Putting the emphasis on IEC 62368

–By Todd Phillips, Global Market Manager, Electronic Business Unit, Littelfuse, Inc. and Prasad Tawade, Strategic Marketing Manager, Littelfuse, Inc.

Design development and user safety are critical in the regulation of power-based products and components and the International Electrotechnical Commission (IEC) has led the way with standards for designing information technology equipment and audio/video products. However, the traditional approach to monitoring equipment safety that was product-dependent and incident-based, has led the previous standards, IEC 60950-1(information and communication technology equipment) and IEC 60065 (audio and video equipment), to over time become more reactive and less flexible for addressing new emerging technologies.

As a new regulation, IEC 62368-1, became the single default standard on December 20, 2020, designers no longer can choose to comply with either the information/communication technology standard or the audio/video equipment standard. The boundaries between information/communications and audio/video technology have blurred. Thus, the IEC 62368-1 hazards-based safety engineering standard applies to a broad scope of applications.

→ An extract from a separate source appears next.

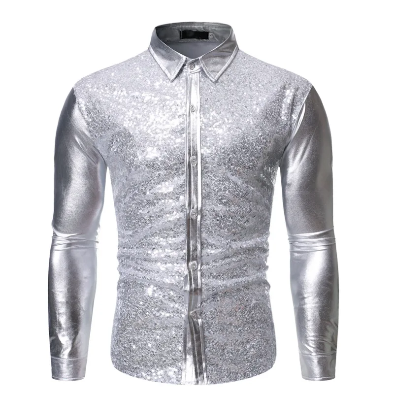 Мужская приталенная рубашка, сияющая рубашка с золотыми блестками, ...

Focusing on the energy within the equipment and the intended environments, the new standard is less product-specific. This approach, which aims to encourage manufacturers to address known hazards in the design and intended use of the product, is intended to be future-proof. Its use is appliable, no matter for industrial or residential applications.

The new standard has a relatively broad scope. It includes all previously covered applications under different standards, or not covered at all. It addresses electronic equipment up to 600 volts, including point-of-sale, banking, other telecommunication and office equipment, speakers, surveillance cameras, smart home devices, and other audio/video equipment. Internet of things (IoT) devices, laptops, mobile devices, gaming systems, and other battery-powered electronic devices are also covered by this new standard.

IEC 62368-1 has been used for a few years. However, designers could choose whether to comply with IEC 60950 or IEC 60065 over IEC 62368-1. It all depends on the application. Now the designer does no longer have a choice. The hazard-based approach in IEC 62368-1 has included the factor of a device’s design and its use to determine testing and evaluation criteria. The standard also defines which protection components to consider using within the device. As the power-based standards may seem to be evolved in a complicated way, this new approach allows for improved safety and design flexibility.

Helping increase product reliability, AC line protection components must comply with specific tests required by IEC 62368-1. The step of deciding on the overvoltage category is necessary to determine the parameters of some of the tests.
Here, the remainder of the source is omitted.